I pictured the monument being shipped on the back of lorry
as if it
Was sailing across the land through the psyche of Ireland planted
at the foot of Crough Patrick.
THE FAMINE SHIP
Like a funeral cortege in Dublin
Maynooth and Mullingar.
The famine came sailing through
Longford and Castlebar.
It anchored just off Clew bay
At the foot of the pilgrim hill.
Disturbing the red marrow soil like
a plough in a
furrowed drill.
The sculptured bones are flowers
From the spuds of our blighted past.
Dead but not forgotten in the hull
Of Erin’s mast.
Like a poppy in a wilderness, a sin-
Gle tear tear upon the soil, the souls
Of a million dead flow through this
Mortal coil.
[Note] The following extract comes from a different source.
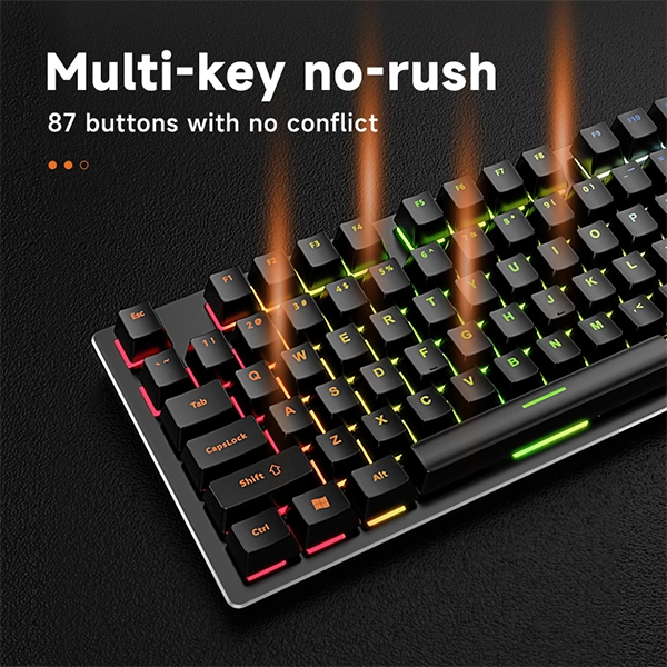 - تکنولوژی Full Anti-Ghosting: با قابلیت N-Key Rollover، میتوانید تمام ۸۷ کلید را به صورت همزمان فشار دهید و مطمئن باشید که تمام دستورات شما بدون هیچگونه خطا یا تداخلی ثبت میشود. این ویژگی برای بازیهای سرعتی و پیچیده حیاتی است.

The artist’s indentations
Scarred like wounds on Irelands cries
Melting from a candles prayer in
The tear ducts of our eyes.
The sculptured bones are flowers
From the spuds of our blighted past.
Dead but not forgotten in the hull
Of Erin’s mast.
We have no pangs of hunger now
And no wish to leave our land but
Deep down within our hearts are
The bones revealed in sand
Layered flesh upon the bone.
Nourished on Irelands suffering
Our bellies will never groan.
The sculptured bones are flowers
From the spuds of our blighted past.
Dead but not forgotten in the hull
Of Erin’s mast.
PITCH AND TOSS-SMALL CHANGE 2
Lahinch, Co Clare, didn’t seem the right place
To write a poem. Tourists
paying through
The nose for screen-printed t-shirts etc.
Symbols of old Ireland.
Crept in unnoticed until you brushed the fabric
Walls of the tent. We played snap on a cheap
Plastic picnic table, my wife’s hand slapping down
On it like a ton of bricks on a Drum Cree riot day.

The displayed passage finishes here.